Un fenomeno in aumento

La dottoressa Sara Fumagalli, direttrice sanitaria della clinica Santa Croce di Orselina sopra Locarno, spiega di aver osservato in prima persona una crescita dei casi di tentato suicidio o gesti autolesionistici e pericolosi tra i giovani. “Negli ultimi due-tre anni abbiamo avuto un aumento delle casistiche del 10-20%”, spiega la psichiatra, sottolineando come tra i ricoveri una percentuale significativa (15-20%) sia rappresentata da pazienti under-30. “Bisogna tenere presente che viviamo in una società in cui non parlare di suicidio è impossibile, perché esiste un mondo virtuale, che gli stessi ragazzi mi hanno fatto scoprire, dove questi temi vengono purtroppo approfonditi ed è impensabile tenerli sotto controllo”.

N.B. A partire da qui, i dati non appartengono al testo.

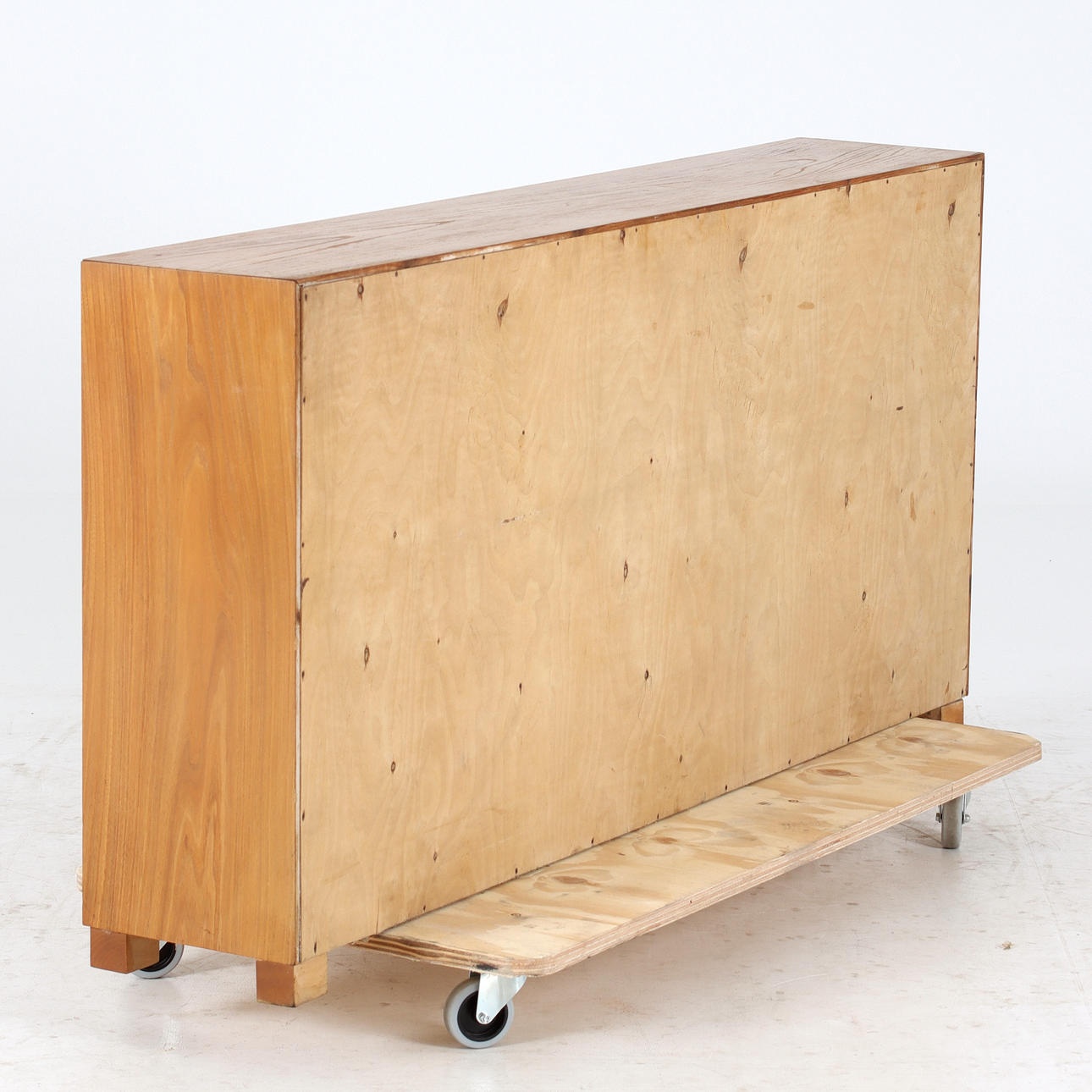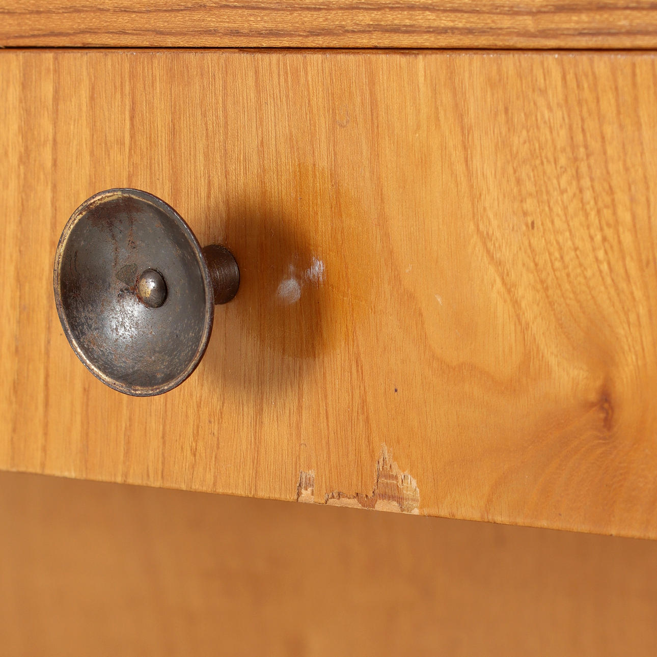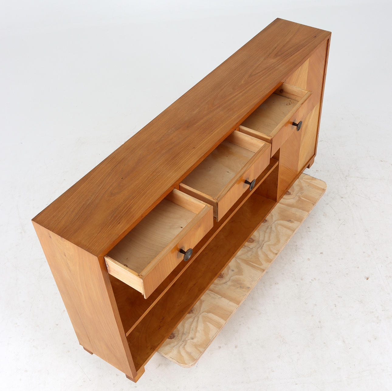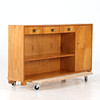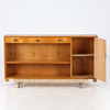 Length 150, width 27, height 75 cm. Three drawers, a shelf and a cabinet with a back shelf.

“Il parlarne, è stato dimostrato, è prevenzione. Bisogna farlo in modo adeguato e a 360°: non solo tra specialisti, perché altrimenti si rischia di psichiatrizzare il fenomeno. – conclude Fumagalli – Tutta la popolazione dovrebbe andare insieme come una squadra nella direzione di affrontare la sofferenza esistenziale delle giovani generazioni con serenità e conoscenza”.